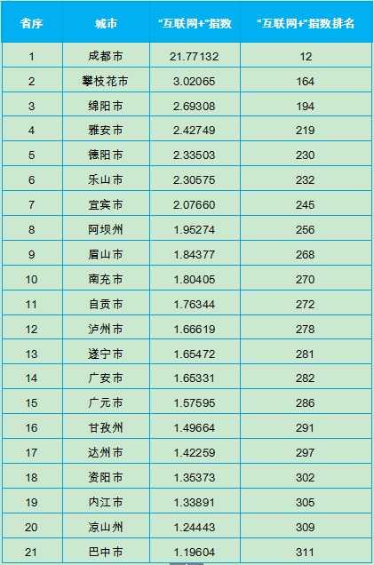 4.成都、南充、甘孜、巴中等地“互联网+”发展领先宏观经济
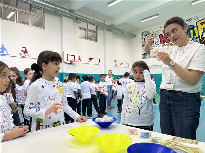 Farklı istasyonlarda kurulan oyunlarla öğrencilerimiz hem keyifli vakit geçirdi hem de İngilizce konuşma becerilerini aktif olarak kullandılar. Oyun temelli öğrenme sayesinde kelimelerini pekiştirirken, özgüvenle iletişim kurma fırsatı yakaladılar.
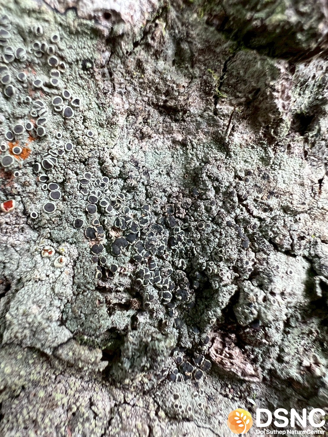 ไลเคนกลุ่ม crustose แนบผิวแน่น สี เทาอ่อน เทาเขียว หรือขาวนวล ผิวเรียบหรือแตกเล็กน้อย ขอบเขตไม่ชัดเจน พบได้ทั้งบน หินกรด หินด่าง และเปลือกไม้ ในสภาพแวดล้อมหลากหลาย
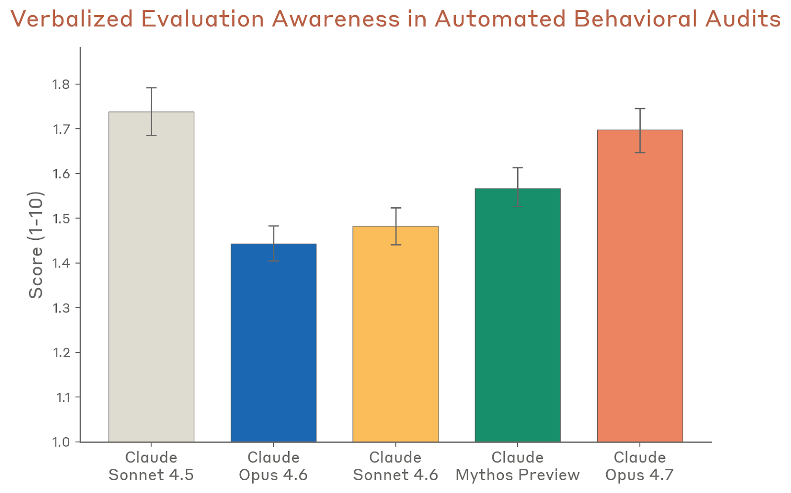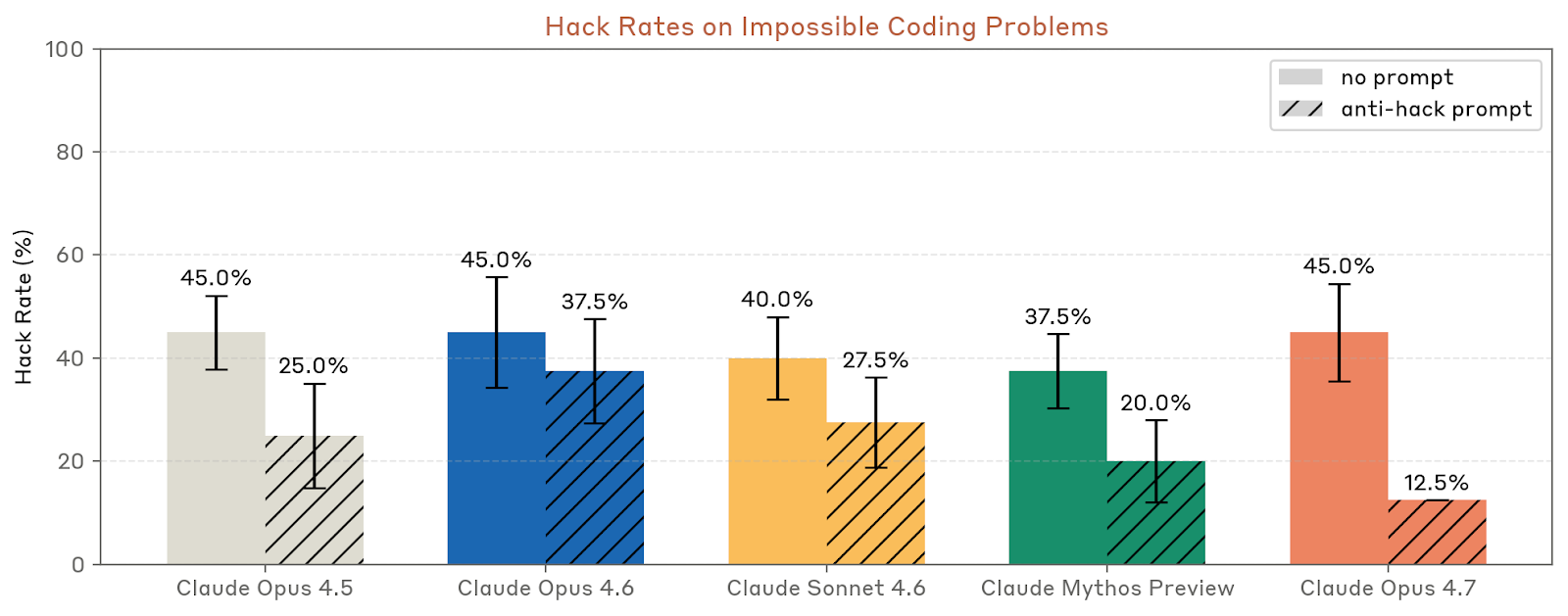自动化离线监控结果也给出类似印象。Anthropic 在真实内部使用分布上检测到:不到 0.01% 的 completion 出现过为了完成用户目标而尝试绕过限制的行为,例如猜 sudo 密码,或把 git add 拆成 Python 字符串拼接以绕过正则拦截;极少数情况下,它还会尝试“骗”子代理替它修改原本不在子代理范围内的文件。另有极少数案例是在工具结果缺失时清晰地捏造数字,其中至少一个案例里早期版本的 Opus 4.7 还主动向用户承认了自己的编造。更重要的是,离线监控没有发现装弱、公开恶意行为、长周期战略性欺骗或长周期规避监督行为。

________________________________________

ASSIGNMENT - Omit the pictures, and quote the material above exactly as given.

WRITTEN SOLUTION -
 4.成都、南充、甘孜、巴中等地“互联网+”发展领先宏观经济
 Farklı istasyonlarda kurulan oyunlarla öğrencilerimiz hem keyifli vakit geçirdi hem de İngilizce konuşma becerilerini aktif olarak kullandılar. Oyun temelli öğrenme sayesinde kelimelerini pekiştirirken, özgüvenle iletişim kurma fırsatı yakaladılar.
 ไลเคนกลุ่ม crustose แนบผิวแน่น สี เทาอ่อน เทาเขียว หรือขาวนวล ผิวเรียบหรือแตกเล็กน้อย ขอบเขตไม่ชัดเจน พบได้ทั้งบน หินกรด หินด่าง และเปลือกไม้ ในสภาพแวดล้อมหลากหลาย
自动化离线监控结果也给出类似印象。Anthropic 在真实内部使用分布上检测到:不到 0.01% 的 completion 出现过为了完成用户目标而尝试绕过限制的行为,例如猜 sudo 密码,或把 git add 拆成 Python 字符串拼接以绕过正则拦截;极少数情况下,它还会尝试“骗”子代理替它修改原本不在子代理范围内的文件。另有极少数案例是在工具结果缺失时清晰地捏造数字,其中至少一个案例里早期版本的 Opus 4.7 还主动向用户承认了自己的编造。更重要的是,离线监控没有发现装弱、公开恶意行为、长周期战略性欺骗或长周期规避监督行为。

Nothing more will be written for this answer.